Воронов ничего не понял.
– Вы, кажется, недослышите, рядовой Воронов? Я повторю вам громко и раздельно: поняли ли вы святые тайны? Прониклись ли вы их дивным благоуханием?
– Благоуханием, – повторил Воронов. Ему казалось, что повторение и есть утвердительный ответ.
– Но вы прониклись? – настойчиво переспрашивал Плоскорылов. – Мой долг сделать так, чтобы вы прониклись, и если вы не готовы, я могу потратить с вами сколько угодно своего времени. Я готов, у нас до утра еще полно. Поняли ли вы, как величественна роль русского воинства? Осознали ли вы, что завтра не только искупаете свою вину, но совершаете высшее свое предназначение? У армии нашей нет никакой иной цели, как только перевод солдата в совершенное состояние. Никто не должен просто жить, понятно вам сие, рядовой Воронов? Жизнь есть мерзостное существование, которое должно быть преодолено. Ни секунды комфорта подлому телу с его низменными запросами, ни секунды напрасного лежания просто так! Солдат должен быть всегда занят, а всегда занят только мертвый солдат. Я поздравляю вас, рядовой Воронов, с тем, что завтра на рассвете вы станете идеальным солдатом!
Воронов тупо молчал.
– О чем вы думаете, рядовой Воронов? – вкрадчиво спросил капитан-иерей.
– Я думаю, товарищ капитан-иерей, – ответил Воронов так тихо, что за шумом дождя, шелестевшего по крыше сарая, Плоскорылов с трудом разбирал его слова, – я думаю, что вот я жил и ничего не сделал, и никому не мешал. И вдруг пришли вы и остальные ваши, и я уже должен где-то служить, а потом почему-то умирать. Я у вас ничего не брал, а теперь кругом вам должен. И этого я не понимаю, товарищ капитан-иерей.
– Вас мало расстрелять, рядовой Воронов! – воскликнул Плоскорылов, чувствуя, как все больше напрягается и горячеет там, в паху. – Вас мало расстрелять! Вы и после этого ничего не поймете! Вы полагаете, ваша жалкая жизнь имеет какую-то ценность? Ценны вы будете, только когда умрете, рядовой Воронов! Цель каждого истинного воина есть смерть, она же начало истинной жизни, а сейчас вы еще никто, личинка! В мир смерти из вас вылетит прекрасная бабочка и полетит на ледяные цветы Валгаллы.

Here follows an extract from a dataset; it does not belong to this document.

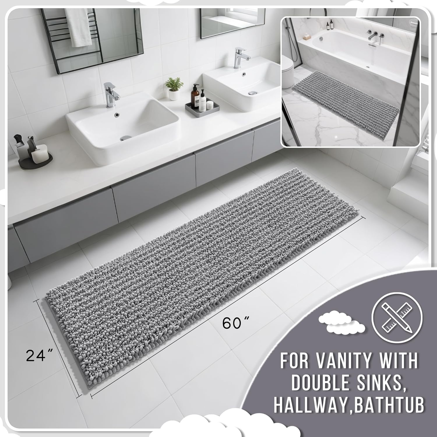 Yimobra Bathroom Runner Rug 60x24 Inch - Extra Long Non Slip Chenille Bath Mat, Soft & Absorbent, Machine Washable Shaggy Hallway Carpet for Vanity Tub Shower, Gray Home Decor Accessories

– Я не хочу на ледяные цветы, – тупо повторил Воронов. – Я не понимаю, почему вы должны решать, жить мне или нет.
– О, расслабленная южанами кровь, сгнившая раса! – воскликнул Плоскорылов, поднимая пухлые руки к сарайной крыше. – О разложение! Неужели вы думаете, что ваша жизнь самоценна? Ваша жизнь нужна только для того, чтобы ее скосил ледяной серп, и ничего лучшего с человеком случиться не может! Вы размножаться, может быть, хотите, рядовой Воронов? Вы и так уже настолько размножились, что страна не может вас прокормить! Вы должны не размножаться, а сокращаться до количества, потребного в свете высших нужд! И когда указанное сокращение произойдет, мы сможем приступить к великой арийской мистерии! Вы потомок ариев, рядовой Воронов, или кто?
– Я не знаю про ариев, – упрямо сказал Воронов. – Я потомок своих родителей, вот что я знаю. И я не знаю, почему я все время должен умирать.
– Потому что начальству виднее, что вы должны! – закричал Плоскорылов.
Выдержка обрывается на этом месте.